Data preprocessing
- Discuss how you split the dataset and why.
- Is your dataset IID?
- Does it have group structure?
- Is it a time-series data?
- How should you split the dataset given your ML question to best mimic future use when you deploy the model?
- Apply MinMaxEncoder or StandardScaler on the continuous features
- Apply OneHotEncoder or OrdinalEncoder on categorical features
- Describe why you chose a particular preprocessor for each feature.
- How many features do you have in the preprocessed data?

1. The dataset
- Discuss how you split the dataset and why.
- Is your dataset IID?
- Does it have group structure?
- Is it a time-series data?

The dataset consists of records of online articles published by Mashable.
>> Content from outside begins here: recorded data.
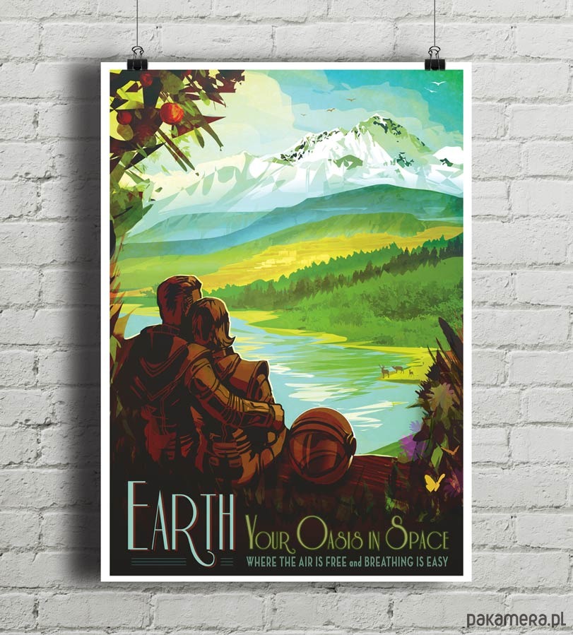 Plakat w stylu vintage przedstawiający planetę Ziemia, reklamowaną sloganem "Twoja oaza w kosmosie. Gdzie powietrze jest darmowe a oddychanie łatwe".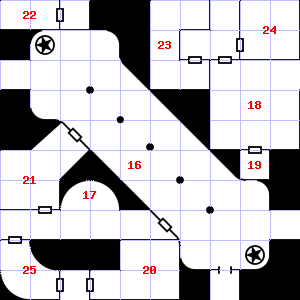 | 19 | 20 | A strong updraft blows through this area. The air here smells of smoke. Encounter: Sprites (16) Treasure: As per monster type. | 21 | Trap: Pendulum blade from ceiling: 1d8 points of damage. | |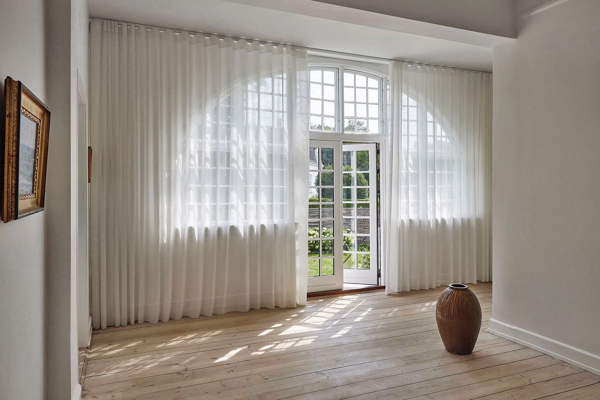 Perfekt pasform – Vi måler op hjemme hos dig, så dine gardiner sidder præcist, uanset vinduets størrelse og form.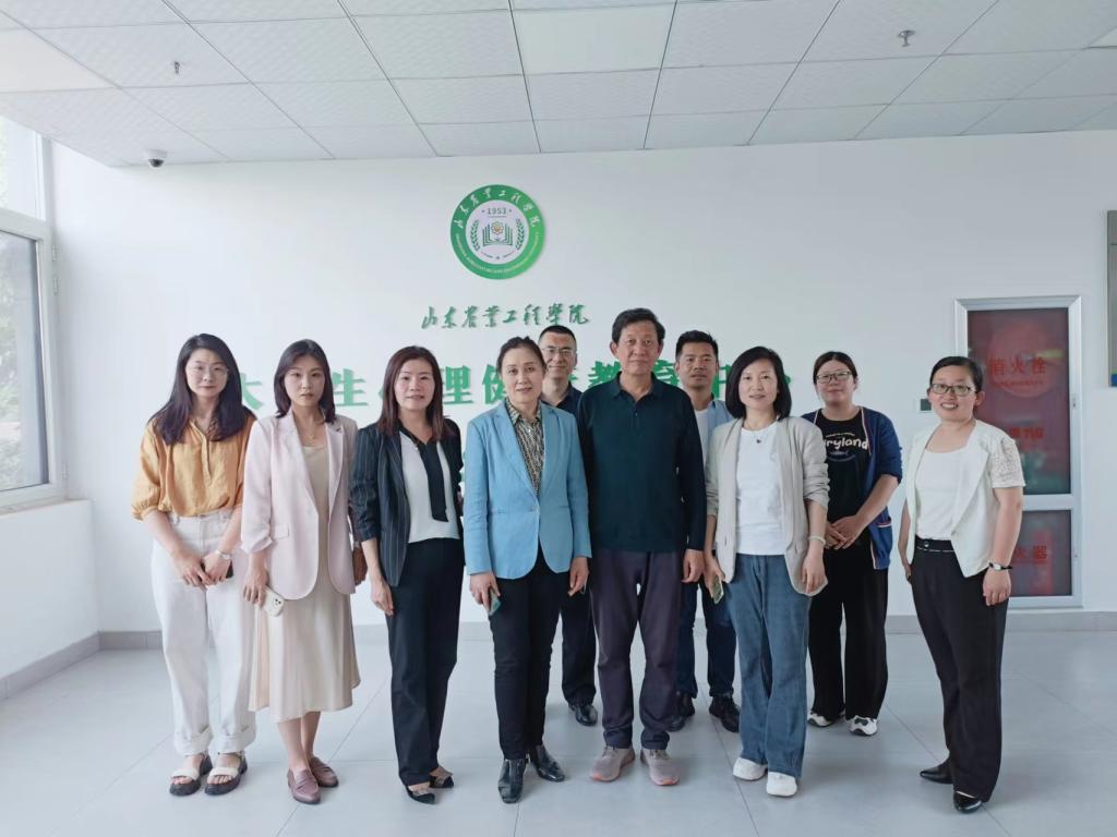 5月15日,山东警察学院专业基础教研部副处长李慧、山东管理学院学生工作部副部长朱敏、山东工业职业学院学生处副处长张博等一行6人来到淄博校区大学生心理健康教育中心参观并进行交流座谈。bat365大学生心理健康教育中心全体专职教师参加此次参观交流活动。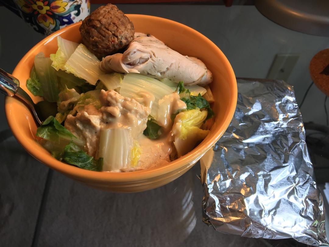 一大碗🤣白菜生菜➕hummus和芝麻酱,herb rosted turkey breast,gardien的vegen ...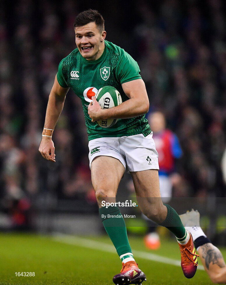 2 February 2019; Jacob Stockdale of Ireland during the Guinness Six Nations Rugby Championship match between Ireland and England in the Aviva Stadium in Dublin. Photo by Brendan Moran/Sportsfile

Each row corresponds to a single article. There are a total of 39,644 articles. 

The target variable is 'popular' - this is a binary variable where 0 corresponds to not-popular and 1 corresponds to popular. This variable is derived from the 'shares' variable present in the original dataset. Shares is the number of shares for a given article, and we set a threshold = 1400, above which an article is considered popular. 

The features list various characteristics about the articles, including some NLP based metrics, the number of tokens in the title, in the content, the number of images and videos, the topic and the day of the week on which the article was published. There are 58 features. 

Since there is no group structure or time-series structure to the data, the data can be considered IID. 


2. How should you split the dataset given your ML question to best mimic future use when you deploy the model?

The point of this project was to be able to predict how popular an article would be *before publication*, and make recommendations to increase popularity. 

Each of the feature variables is available to us prior to publication in a production environment, so we can safely split the dataset into the standard train:validation:test split. Here, I use a split of 70:20:10, which gives us 27751, 7929, 3964 articles for the train, validation and test sets respectively. 

3. Feature Encoding
- Apply MinMaxEncoder or StandardScaler on the continuous features
- Apply OneHotEncoder or OrdinalEncoder on categorical features
- Describe why you chose a particular preprocessor for each feature.
- How many features do you have in the preprocessed data?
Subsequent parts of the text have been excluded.